My uncle prided himself on being a good old boy who enjoyed the company of other good old boys. Those old boys included black as well as white co-workers and friends (or, perhaps "friends" is more accurate, in the case of his black co-workers). On the occasion that has lodged in my memory, my uncle and several family members were talking about their (fatuous and self-serving) hope to keep their “friendships” with African Americans alive while resisting the civil rights for which said friends were fighting.

Here’s how my uncle put it:

“I have black friends. Lots of them. Good ones.”

“But they know their place and they stay in it.”

And that, dear ones, is, I fear, the message that Maureen Mullarkey and many other of our “allies” and “friends” want to give us. You’re fine as long as you entertain me and make me pretty. Please do keep dressing hair, arranging flowers, decorating my house, dancing and singing. Make me feel sexy with your decadent celebrations, which remind me that there is more to life than paying bills and shlepping to the grocery store.

But please don’t ask to enter “normal” professions like teaching, ministry, the law, politics, or just about any and every vocation found outside the ghetto we’ve set up for your confinement. Don’t expect to have power. Or a voice. Or to be listened to, even when you have credentials that should command respect, and are living a “normal” life with a spouse to whom you’re faithful.

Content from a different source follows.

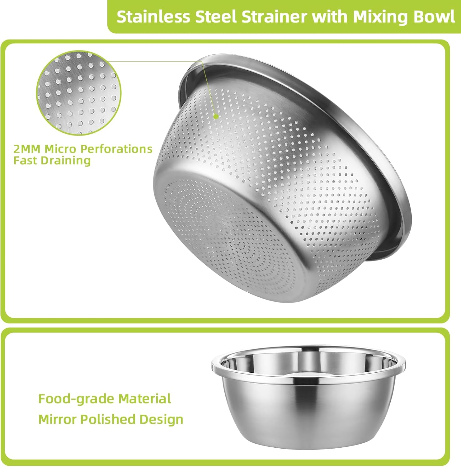 - SUITABLE KITCHEN DIMENSION: Holds 5 quart items. The combination of the stainless steel strainer and mixing bowl makes it easy to clean and prepare food, becoming an indispensable tool in your kitchen

There is an assumption—a huge, determinative one—in the minds of many center-liberal straight “allies” of the gay community that gay people exist to provide some color to the drabness of “normal” heterosexual everyday life. We are the flamingly pretty (but stationary and mute) potted plant on the stage of history, the stage on which they themselves, the normal and powerful, prance and talk and act.

We will be tolerated so long as we know our place and stick to it.

We will be tolerated only so long as we willingly submit our real lives, real stories, and real forces to be painted over with the exotic Dionysian designs preferred by our "friends" and "allies."

This is not a new dynamic. It is one with which people of color have long coped. It is one with which all stigmatized others who are tolerated only insofar as they are content to remain confined in the ghetto provided for them by the “tolerant” center must always cope: tolerated as exotic, repudiated as normal.

There’s the dynamic that has—somehow—to be exposed and overcome, if we are to engage in fruitful dialogue with our allies. And it can be overcome only when those at the center open their conversation up so that our real voices can be heard and our real faces can be seen, not the bowdlerized ornamental voices and faces we’ve been forced to adopt as we remain in our places.